过往西域诸国更偏向狄罗人,作为异族,面对统治了中原许多年的宗主国汉人们,很难不生出同仇敌忾的警惕。在百年间狄罗人的统治和互相征伐中,这警惕慢慢转移向逐渐占据优势、在攻伐中直接侵害他们利益的金帐汗国,但曾经的戒备仍在。
穿过一段沙漠,提前派遣使臣要求交出宇文部叛首遭到车兹国拒绝,打出火气的大军在不利的地势中,迎来又一场硬仗。
马匹在沙漠化的地势中并不占优势,太高的温度下,时常爆炸的火器是又一大劣势,拉长的粮草、药物和军械供应也让孤悬的大军显得不那么精神。九月初,攻破车兹国边关一城后,皇帝同意了从京中送来的提议,精简兵马。
收获的战利品和俘虏虽然改变了国内对征战的态度,激发了大部分贪婪的欲求,但秋收将至,逐渐进入常态化的南北两线作战,多维持一天就是一天国内的压力。调军回撤,巩固收获和进行封赏,是一松一弛之道。
十四万军队在外,大军孤悬,万一失陷或者调动出现问题的后果,初平的国内经受不起。
当然,薛瑜更希望的还是皇帝能顺势回来,追杀和立威的事,交给将军们来做就是了。但事与愿违,抽调的大军折返部分,在传回来的军报记载里,有喜气洋洋立了功的年轻人,也有发挥余热的老将,就是没有皇帝。
西域十几国,车兹是宗主国败落后的许多年里,第一个被拿来开刀的小国。
但战事并不顺利,地势让前行的大军吃了不少苦头。
九月初三,攻入车兹王庭时,反常建在沙漠中的王庭,虽然城池很小,却久攻难下。破除第一层城墙后,在坍塌的沙砾中,柔软的流沙下刺杀的死士直入中军。
“投降不杀!”
以新学的车兹语言和汉文来回重复的高声喝令,充斥在整个战场上。骤然出现直入中军的袭杀让军队乱了一瞬,藏身沙下、突入中军的死士最多,起落间,离皇帝最近的近卫死伤大半,好在看上去皇帝无虞,一把长戟挥向前方,“杀!”
车兹王庭被破,逃亡的一行人,借着熟悉地形流亡往更西边小国,十万大军暂时在车兹国内休整。

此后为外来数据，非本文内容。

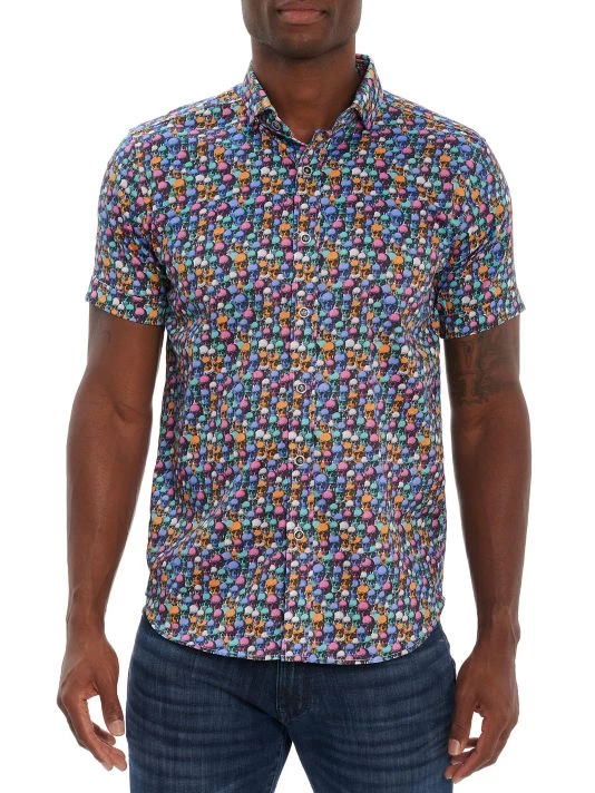 Crafted of cotton, this Dead Ahead woven shirt from Robert Graham features signature skull patterning.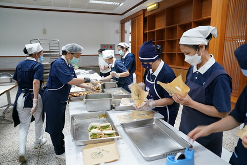 圖說(下):慶祝院慶,花蓮慈院同心圓餐廳供膳組也製作一千五百顆壽桃、志工製作一千個刈包,與民眾、門診醫護同仁分享生日喜悅。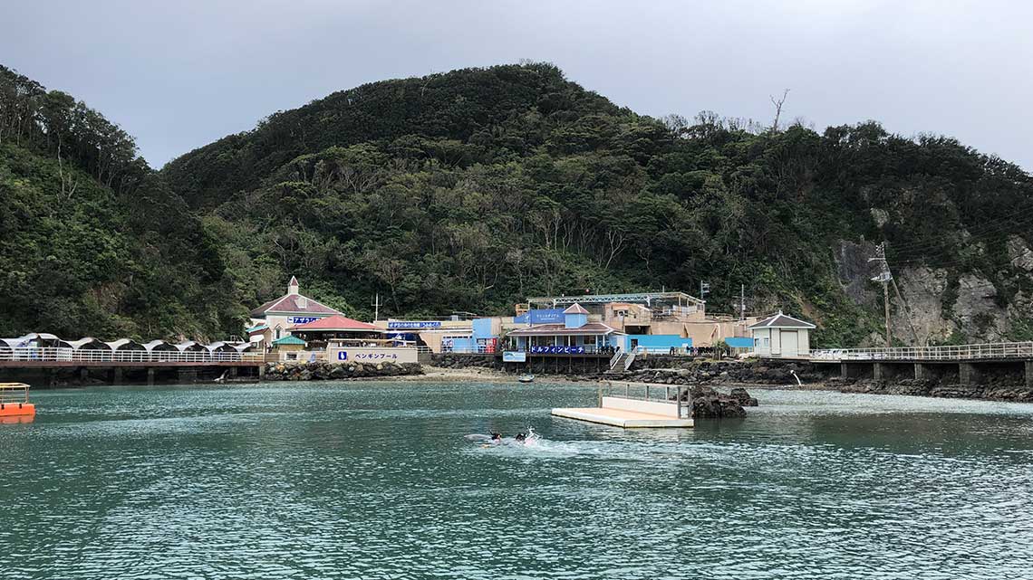 The aquarium consists of 3 main areas connected by floating docks surrounding a small bay where dolphins swim freely.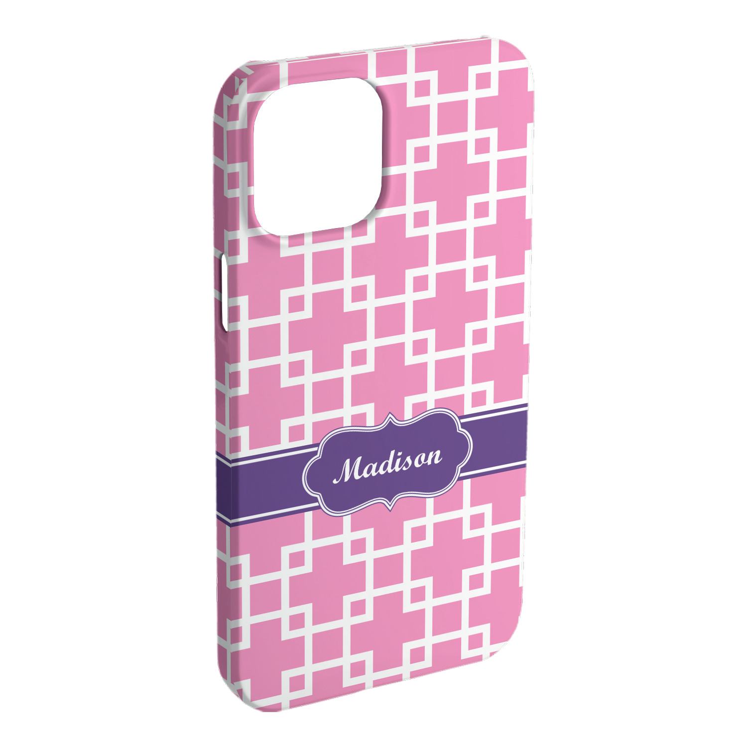 This design that is shown is a pink background with white squares, however it is available in multiple colors. We also chose to use a classic ribbon and a decorative rectangular label in purple. Ribbon and Labels are also available in multiple colors.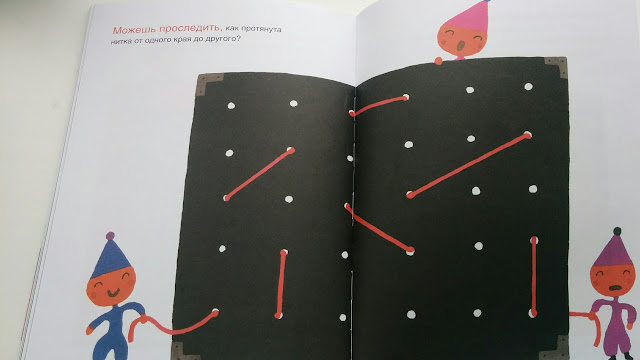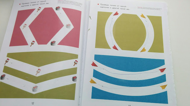 Но вообще принцип мне понравился. На обороте каждой "раскраски" задание-проводилка. Провести линию через все предметы, усложняется от начала тетради к концу.
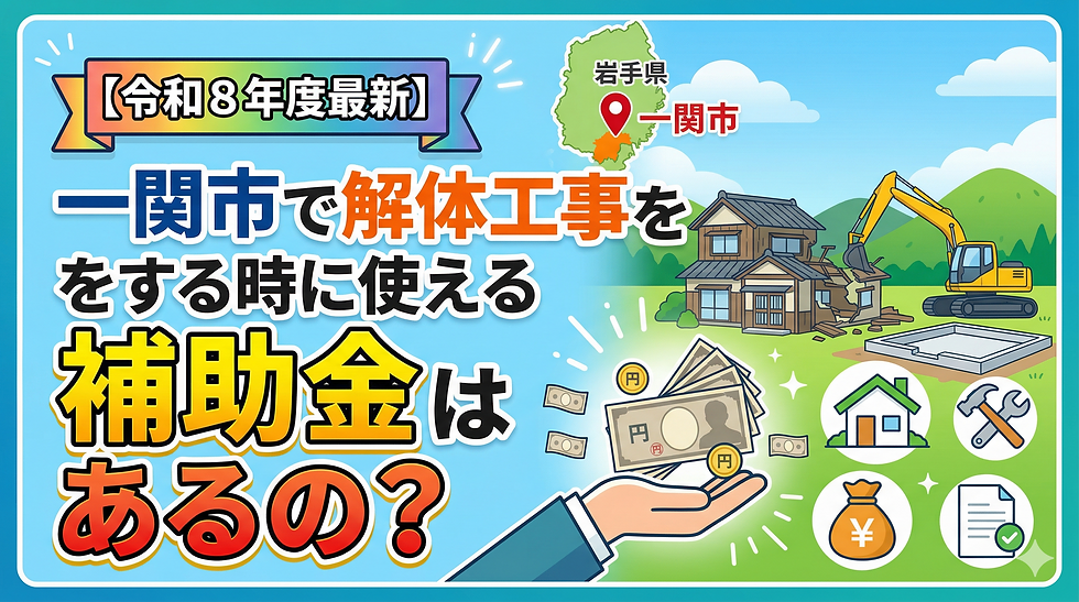 一関市ではこれまで、解体工事費用のローン金利のみ補助する制度がありましたが、令和8年度、やっと一関市でも解体工事費用の補助金が用意されました!

皇帝到底还是受了伤,还好包扎后情况平稳,让人狠狠松了口气。开完军中会议,皇帝单独留下了几人。
点了三个军中新秀,乔二郎、伍戈和钟无跟随自西北调出来的陆恪前去追击,军帐中,皇帝的声音慢慢变得迟缓下去。
他猝然倒下。
第一次包扎好的腹部伤口,渗出血迹,高温下本就难以愈合的伤口,让皇帝迅速发起高热。
随军出征的秦思诊断后的判断,是新伤牵动旧伤复发。
这并不是皇帝第一次旧伤复发,来势汹汹的病痛这次没让中年人立刻陷入昏迷,中途清醒过来时,叫来了方锦湖和薛勇两人,“封锁消息,允便宜行事,密信传信京中。传神射军至西域,配合追击。若有不测……太子继位。”
艰难说了安排,人再次昏了过去。
在原本的安排里,之前前往楚地完成斩首的神射军应当已经调回京城接受封赏。惯于不去询问缘由和背后秘密的薛勇,一板一眼地履行着皇帝的安排,方锦湖脸色却沉得难看。
多日不曾出现在营中的皇帝,被封锁又久久没有拔营的中军,让底层出现了明显骚乱。新归附的从属军的打探消息,变得频繁起来,明眼人看了都知道在打什么主意。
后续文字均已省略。